Estoy haciendo fila en la ventanilla del dispensario. Las paredes se ven lustrosas debido a la capa de hielo que se ha ido formando sobre ellas. Igual las estalactitas que penden de la tubería y de las jambas en el techo. Y ni qué hablar del piso lleno de nieve, frío y peligrosamente resbaloso; pero nadie parece notar esto. Me abrigo con la suéter reglamentaria, pero eso no parece detener el frío que me entra como un batallón de agujas congeladas por todo el cuerpo. Me sobo las manos y vuelvo a ver para atrás. Una fila de pobres diablos todos esperando lo mismo, tomarse el amansalocos para que desaparezca el frío; aunque ellos, es cierto, no se cubren con nada caliente en particular ni parecen ser sensibles a la baja temperatura que nos asola. Un puñado de zombis es lo que son. Indiferentes al clima, a la glaciación que poco a poco se ha ido apoderando de la tierra y que ya no deja que nada brote ni crezca como alimento para los animales y los seres humanos. Si este frío sigue así, nos vamos a morir todos muy pronto. Y a pesar de eso, siempre tengo un recurso de consuelo: la orina de los renos, que calienta tanto por dentro y hace desaparecer, sino el frío, al menos la incomodidad y el dolor que el frío produce. Mi fila hacia la ventanilla sigue avanzando como un ciempiés moribundo. Lento y carcomido por los elementos, como un viejo tronco rodeado de serpientes adormecidas, como una montaña de momias bajo la lluvia invernal. La mujer de la ventanilla recita mi nombre de manera automática y eficiente. Revisa la etiqueta que tengo arrollada a la muñeca y me pasa un vasito con cuatro de las azules. Me da otro vasito de agua y ahí mismo, frente a ella, debo tomarme el medicamento. Lo hago y luego le abro la boca para que me revise por dentro. Satisfecha, me da una boleta para el desayuno y llama al siguiente en la fila.
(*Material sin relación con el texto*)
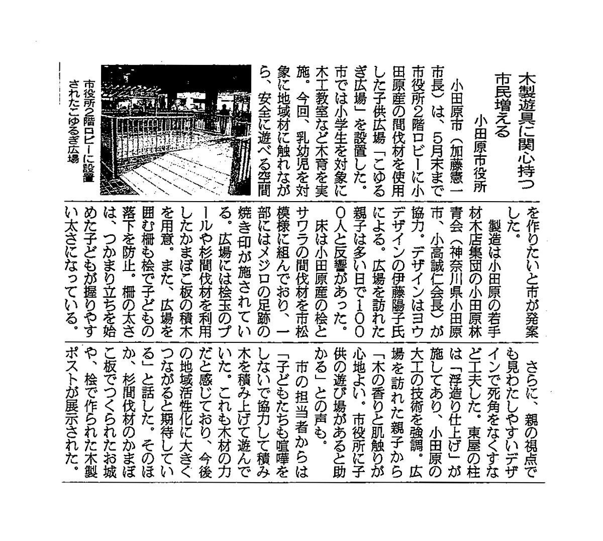 日刊木材新聞に5月末まで設置されていた「木っずスペース こゆるぎひろば」が取り上げられました。
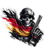 A German soldier, draped in the national flag, stands tall, his face concealed by a grim reaper mask. This haunting image symbolizes the nation's unwavering spirit and the sacrifices made by its soldiers, a reminder of the heavy toll of war.

            Por un momento pienso acercarme al televisor, pero no hay programas bonitos como los de la National Geographic. Nada sobre delfines o animales de la taiga. Solo las alertas sobre la nube que baja desde el norte. Así que continúo hasta la zona del desayuno y trato de comer algo. Pan y queso. Pan y huevo o pan y salchichón. ¡Vaya, qué menú! Y café para todos. Escojo pan y huevo y una jarra de café medio agua chacha pero bien caliente. ¡Otro día en el paraíso de los psicotrópicos legales!... ...¡Estúpido reno; ya hasta estoy empezando a hablar como él!

 

* * *

 

De nuevo estoy haciendo ángeles de nieve en el suelo, pero algo me interrumpe. ¡Viene un trineo! Me enderezo y me quedo mirándolo como un alelado. Es muy hermoso, lleno de decoraciones laponas y cubierto de pieles finas. Lo jalan dos renos de gran tamaño. Ninguno es mi amigo el orinón, pero de todas maneras me alegro de ver más renos por aquí. Y adentro viene ni más ni menos que el médico que me entrevistó el otro día. Un viejo con cara muy agria y que porta una maletita de cuero fino. Se le nota a la distancia que es un burgués, alguien que casi nunca siente frío. Pero también se bajan otros dos tipos, médicos también, creo, pero sin el porte o la maletita del primero. Me vuelven a ver con algo de indiferencia y luego continúan hacia el edificio.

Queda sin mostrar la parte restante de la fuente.